WHAT TO DO →
Could you repeat the listing exactly, leaving out the pictures?

Content starts

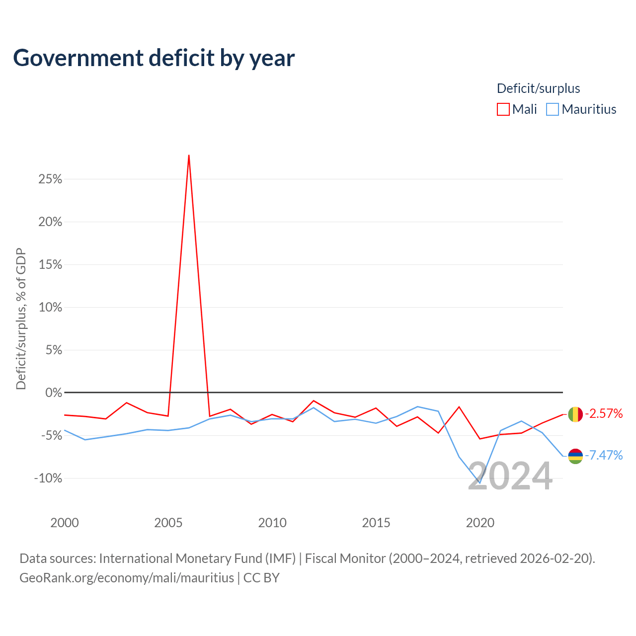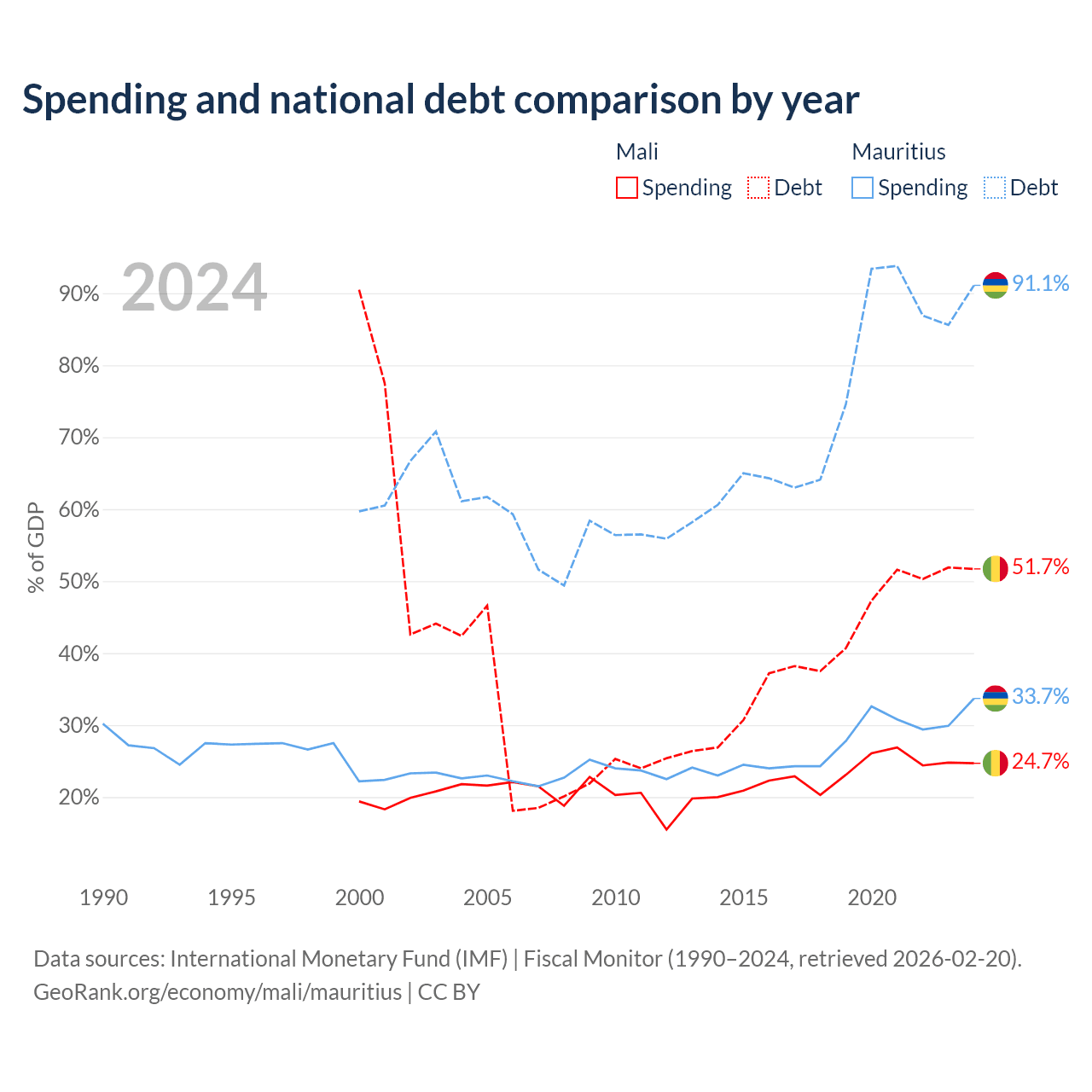 Mali has $13.9B in government debt (51.7% of GDP), compared to $13.6B (91.1% of GDP) in Mauritius.
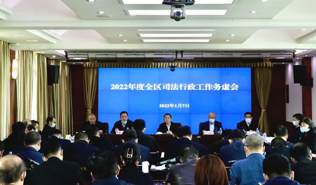 1月7日,自治区司法厅召开2022年度全区司法行政工作务虚会,深入学习贯彻党的十九届六中全会精神和自治区第十二次党代会精神,总结2021年全区司法行政工作,围绕为党的二十大胜利召开营造安全稳定的政治社会环境这条主线和建设壮美广西“1+1+4+3+N”目标任务体系,分析研判2022年全区司法行政工作发展形势,研究谋划2022年工作思路和任务措施。自治区司法厅党委书记、厅长林金文主持会议并讲话。
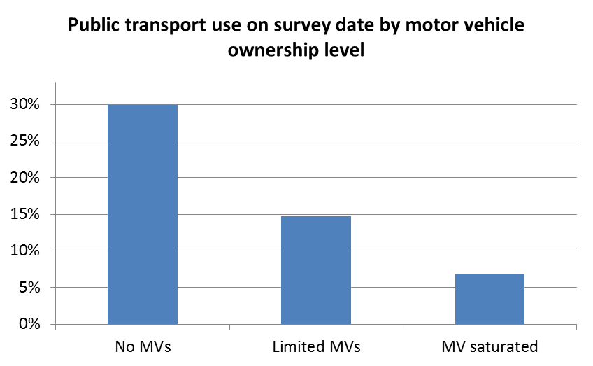 - Public transport use was lower for people from households with saturated motor vehicle ownership (compared to those with limited motor vehicle ownership).
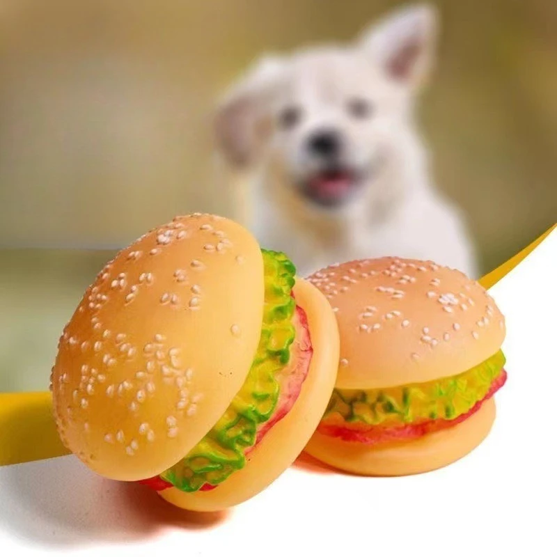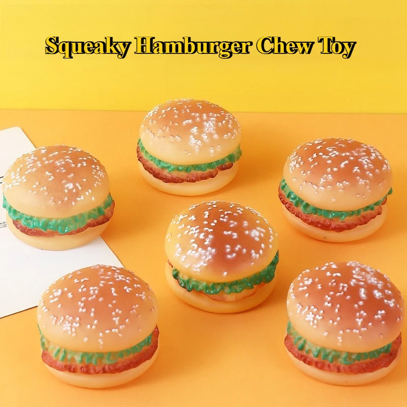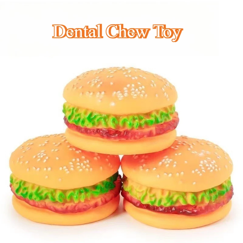 Juguete chirriante para perros con hamburguesa, juguete para masticar para limpieza de dientes y cuidado molar, juguetes interactivos para morder mascotas para perros
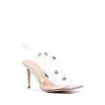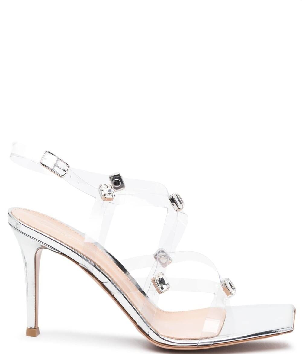 Crystal Fever 85mm sandals from GIANVITO ROSSI featuring silver-tone, calf leather, transparent design, crystal embellishment, buckle-fastening ankle strap, open toe and high stiletto heel. Crystal Crash sandals
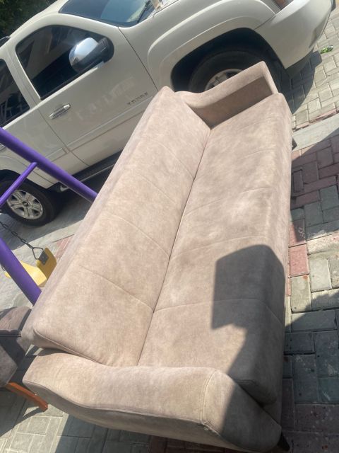 للبيع طقم كنب من 3 قطع وتنتين مفردين وطاولة والسجادة للبيع والمروحة ب 250 الكنب والسجادة ب 40 والمروحة ب 50 درهم قابل للتفاوض
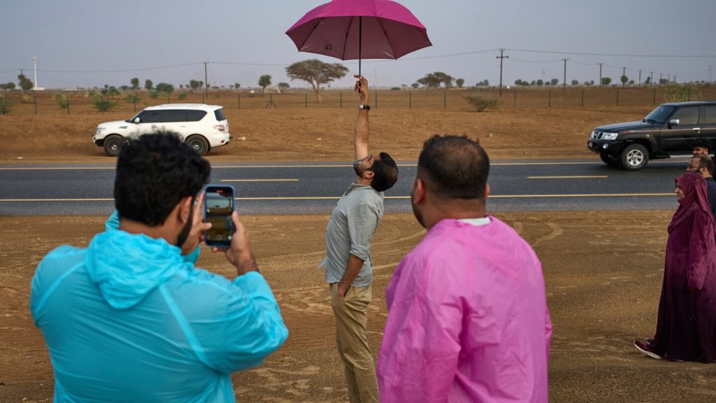 MASAFI, United Arab Emirates (AP) — Outside of a mountain village in the northern outskirts of the United Arab Emirates, clouds on a recent weekend suddenly crowded out the white-hot sun that bakes this desert nation in the summer months. Fierce winds blew over planters and pushed a dumpster down the street. And then came the most infrequent visitor of all: rain.
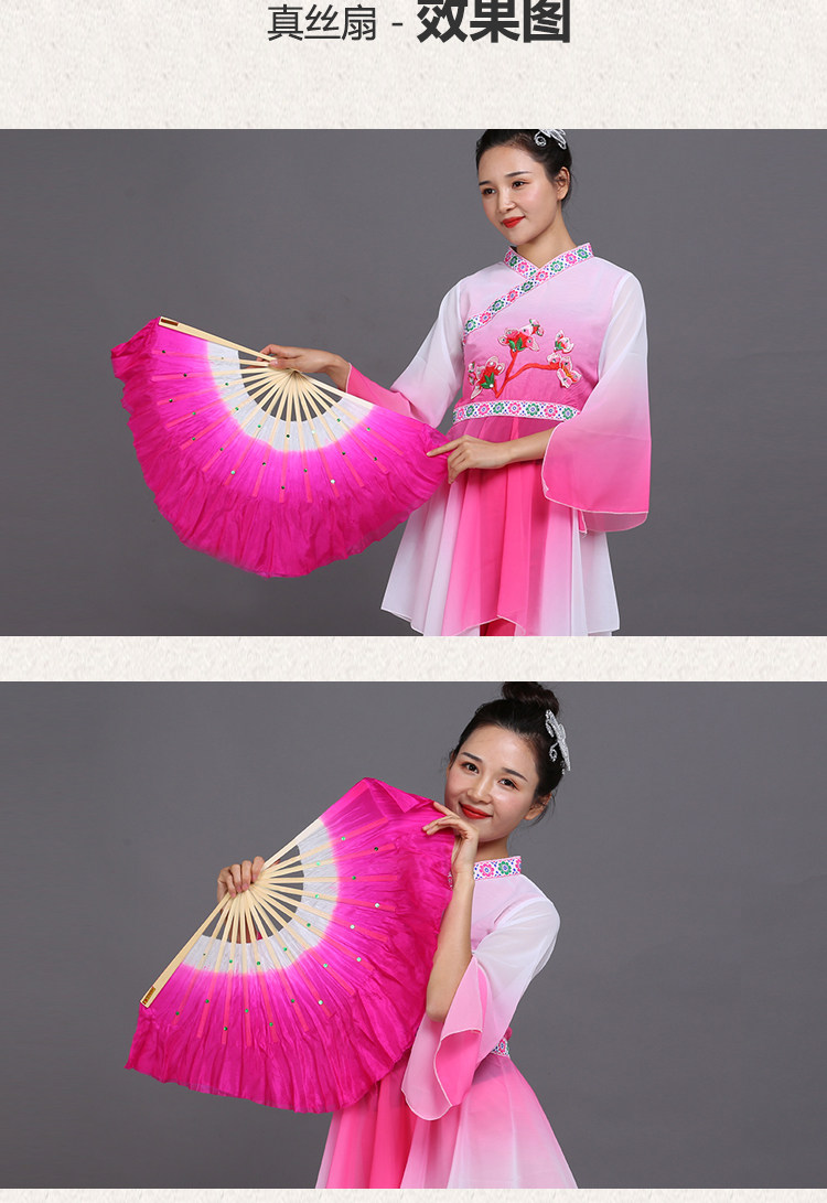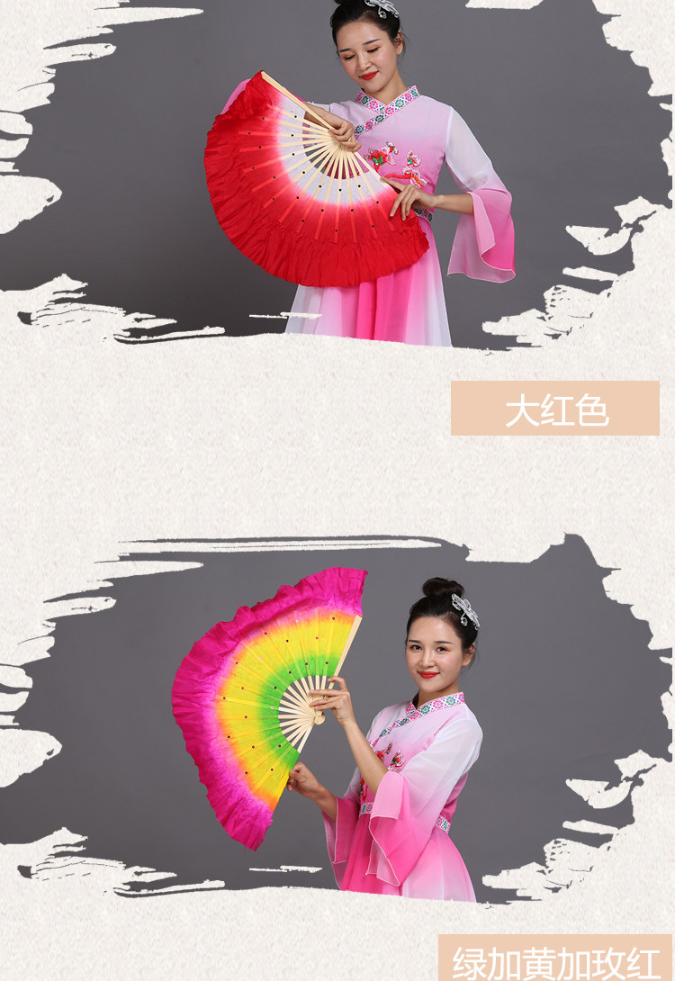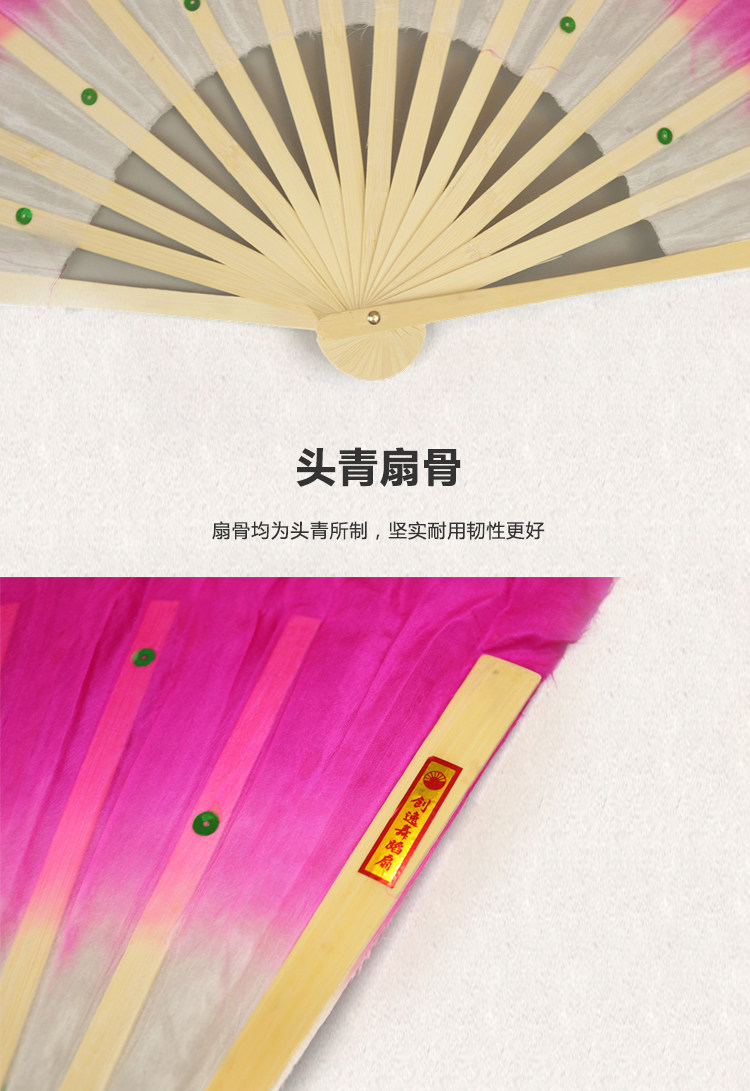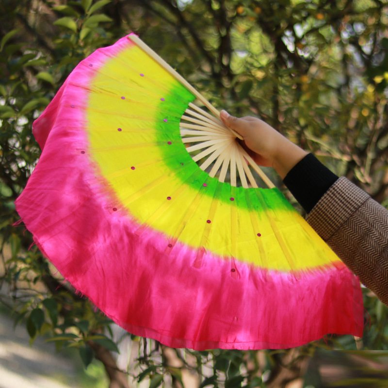 silk fan 33.33cm (green + yellow + pink) double-sided right hand

Content ends

RESULT BELOW →
 Mali has $13.9B in government debt (51.7% of GDP), compared to $13.6B (91.1% of GDP) in Mauritius.
 1月7日,自治区司法厅召开2022年度全区司法行政工作务虚会,深入学习贯彻党的十九届六中全会精神和自治区第十二次党代会精神,总结2021年全区司法行政工作,围绕为党的二十大胜利召开营造安全稳定的政治社会环境这条主线和建设壮美广西“1+1+4+3+N”目标任务体系,分析研判2022年全区司法行政工作发展形势,研究谋划2022年工作思路和任务措施。自治区司法厅党委书记、厅长林金文主持会议并讲话。
 - Public transport use was lower for people from households with saturated motor vehicle ownership (compared to those with limited motor vehicle ownership).
 Juguete chirriante para perros con hamburguesa, juguete para masticar para limpieza de dientes y cuidado molar, juguetes interactivos para morder mascotas para perros
 Crystal Fever 85mm sandals from GIANVITO ROSSI featuring silver-tone, calf leather, transparent design, crystal embellishment, buckle-fastening ankle strap, open toe and high stiletto heel. Crystal Crash sandals
 للبيع طقم كنب من 3 قطع وتنتين مفردين وطاولة والسجادة للبيع والمروحة ب 250 الكنب والسجادة ب 40 والمروحة ب 50 درهم قابل للتفاوض
 MASAFI, United Arab Emirates (AP) — Outside of a mountain village in the northern outskirts of the United Arab Emirates, clouds on a recent weekend suddenly crowded out the white-hot sun that bakes this desert nation in the summer months. Fierce winds blew over planters and pushed a dumpster down the street. And then came the most infrequent visitor of all: rain.
 silk fan 33.33cm (green + yellow + pink) double-sided right hand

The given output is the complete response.